Text Notes for Podcast Episode 1–9: “Mortgage Basics.”
How mortgages work in Alberta including discussions of conventional mortgages, high ratio (CMHC) mortgages, personal guarantees, enforceability, assumptions and foreclosures. Also includes 10 very useful true and false questions and an explanation of the court process around a foreclosure.
Download the pdf file (Mac control + click + “save as” / PC right click + “save as”): McGuire_Tales_August_2008_Mortgage_Liability_Handout
Mortgages and Related Security… How Are You Liable? (full text)
Way back in the day, a “mortgage” involved securing a loan by transferring legal title to land from the “mortgagor” (the borrower) to the “mortgagee” (the lender). If the debt was repaid on time, title to the land was transferred back to the borrower. If not, the lender kept the title and the borrower was thrown off the land.
“Mortgage” comes from the French words “mort” (dead) and “gage” (to pledge or promise); so the literal translation is a ‘dead pledge’ meaning that if the debt was not paid, the land so pledged was ‘dead’ to the borrower.
Enough history! Today, a mortgage is simply a loan contract secured by a charge against land. Even if the loan goes into default, title to the land remains in the name of the borrower and the borrower remains in physical possession of the land until the very end of the legal process involved in enforcing a mortgage, commonly known as ‘a foreclosure’ or ‘foreclosure proceedings’.
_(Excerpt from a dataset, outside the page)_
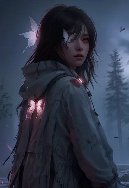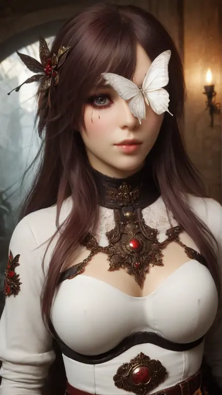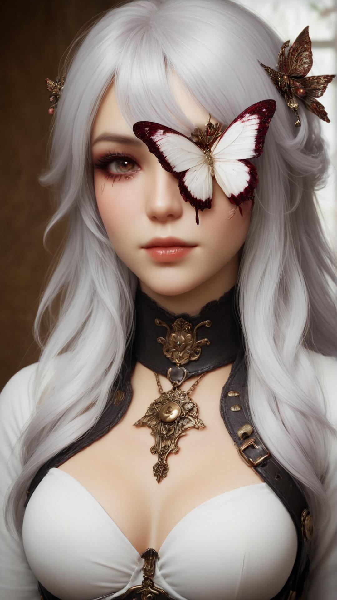 Mitsuko-OnceHuman, white butterfly in right eye,

Remember that your lender is a kind of silent partner. As long as payments are made in full and on time and there is no other ongoing default, you will never hear from your lender. But miss a payment or two and your lender quickly becomes your adversary. Your lender will take action on any default under the mortgage by a series of legal steps as outlined in Appendix A.
Under our constitution, mortgage law is a provincial responsibility. So although the concept is similar across the country, and indeed throughout the western world, each province has its own set of rules. To further complicate the picture, banking law is a federal responsibility, so federal legislation comes into the picture in relation to banking issues such as high ratio lending.
The message is, for any specific mortgage or foreclosure question, YOU MUST CONSULT experienced legal counsel in the province where the land is located.
LEGAL DISCLAIMER: the content of this article and all Tales From The Trenches are intended as general information and are not individualized legal advice. The information contained in this article is not intended to create, nor does receipt of it constitute a lawyer-client relationship involving Barry C. McGuire or RMLO Law LLP.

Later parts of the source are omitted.